Why Create Custom Datasets?
- Add metadata for proprietary or institution-specific datasets
- Create variable labels and value labels in your preferred language
- Maintain consistent metadata across your research projects
- Share metadata with collaborators without sharing the actual data
Note: Custom datasets are stored locally in your RegiStream directory and are not shared with the RegiStream server. This allows you to work with sensitive or proprietary data metadata privately.
Schema Requirements
All custom datasets must follow the RegiStream schema specifications. Select your target schema version:
Creating datasets for Schema 1.0. See the complete Schema 1.0 specification for detailed reference.
File Requirements
- Format: Semicolon-delimited CSV (`;`)
- Encoding: UTF-8
- Headers: First row must contain column names
- Schema Version: Must be Schema 1.0 compliant
Required Files
You can create either or both file types:
- Variables file: Contains variable metadata (names, labels, definitions, types, units)

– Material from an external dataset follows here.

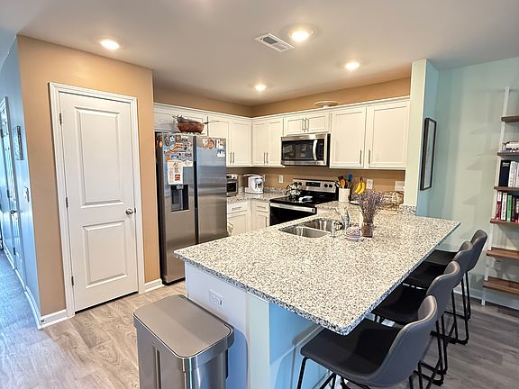 Gorgeous townhome features 3 bedrooms, 2.5 bathrooms, and a 1-car garage that offers plenty of room for comfortable living. As you enter the townhome, you will be greeted by an open and airy living area that flows seamlessly into a well-appointed kitchen breakfast bar for casual dining. The first floor also includes a convenient half bathroom for guests. Upstairs, you will find three bedrooms, each with their own closet space and plenty of natural light. The primary bedroom features an ensuite bathroom with a walk in shower, a double vanity, and a separate walk in closet. The other two bedrooms share a full bathroom with a shower/tub combination.

- Value labels file: Contains categorical value labels (for categorical and binary variables)
Step-by-Step Guide
1. Create Variables CSV
Create a CSV file with the following required columns (semicolon-delimited):
variable_name;variable_label;variable_definition;variable_unit;variable_type;value_label_id
age;Age;Age of respondent in years;years;continuous;
gender;Gender;Gender of respondent;categorical;1
income;Annual Income;Total annual income;SEK;continuous;
education;Education Level;Highest level of education completed;;categorical;2
Column Descriptions:
variable_name- Lowercase variable identifier (required)variable_label- Short label (required)variable_definition- Detailed description (required)variable_unit- Unit of measurement (optional, leave empty if not applicable)variable_type- One of:categorical,continuous,text,date,binary(required)value_label_id- Integer linking to value labels file (optional, for categorical/binary only)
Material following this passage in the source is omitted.